Supplied material
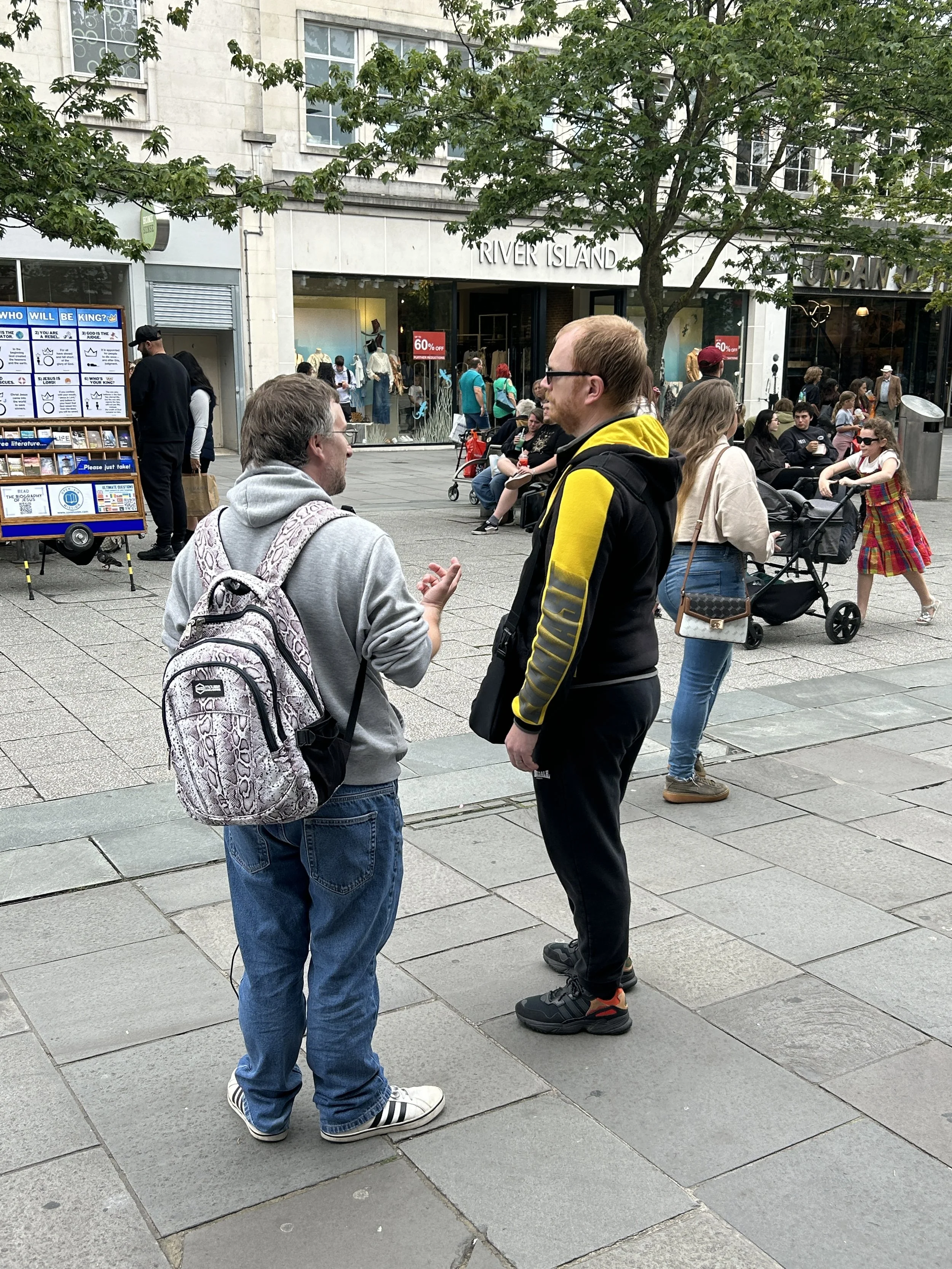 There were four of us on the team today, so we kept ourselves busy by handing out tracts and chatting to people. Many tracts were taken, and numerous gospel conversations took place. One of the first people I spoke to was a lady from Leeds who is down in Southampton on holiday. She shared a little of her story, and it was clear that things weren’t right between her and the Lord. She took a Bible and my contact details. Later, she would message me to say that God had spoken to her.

* * *

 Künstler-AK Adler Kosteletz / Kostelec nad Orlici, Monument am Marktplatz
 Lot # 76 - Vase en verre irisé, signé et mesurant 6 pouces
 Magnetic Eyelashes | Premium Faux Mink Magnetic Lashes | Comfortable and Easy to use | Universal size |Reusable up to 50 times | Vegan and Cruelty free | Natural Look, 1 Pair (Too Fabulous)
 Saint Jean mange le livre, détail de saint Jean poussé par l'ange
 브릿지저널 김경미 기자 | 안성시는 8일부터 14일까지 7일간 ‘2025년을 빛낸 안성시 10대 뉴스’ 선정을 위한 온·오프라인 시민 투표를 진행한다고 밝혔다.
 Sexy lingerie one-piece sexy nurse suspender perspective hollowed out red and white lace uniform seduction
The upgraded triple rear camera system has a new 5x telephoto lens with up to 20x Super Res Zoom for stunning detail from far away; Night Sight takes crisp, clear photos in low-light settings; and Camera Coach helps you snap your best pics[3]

Assignment
What do the lines above say from the one containing "Saint Jean mange" down to the one containing "The upgraded triple"? Return them exactly, both end lines included, and only them.

Response to the exercise
 Saint Jean mange le livre, détail de saint Jean poussé par l'ange
 브릿지저널 김경미 기자 | 안성시는 8일부터 14일까지 7일간 ‘2025년을 빛낸 안성시 10대 뉴스’ 선정을 위한 온·오프라인 시민 투표를 진행한다고 밝혔다.
 Sexy lingerie one-piece sexy nurse suspender perspective hollowed out red and white lace uniform seduction
The upgraded triple rear camera system has a new 5x telephoto lens with up to 20x Super Res Zoom for stunning detail from far away; Night Sight takes crisp, clear photos in low-light settings; and Camera Coach helps you snap your best pics[3]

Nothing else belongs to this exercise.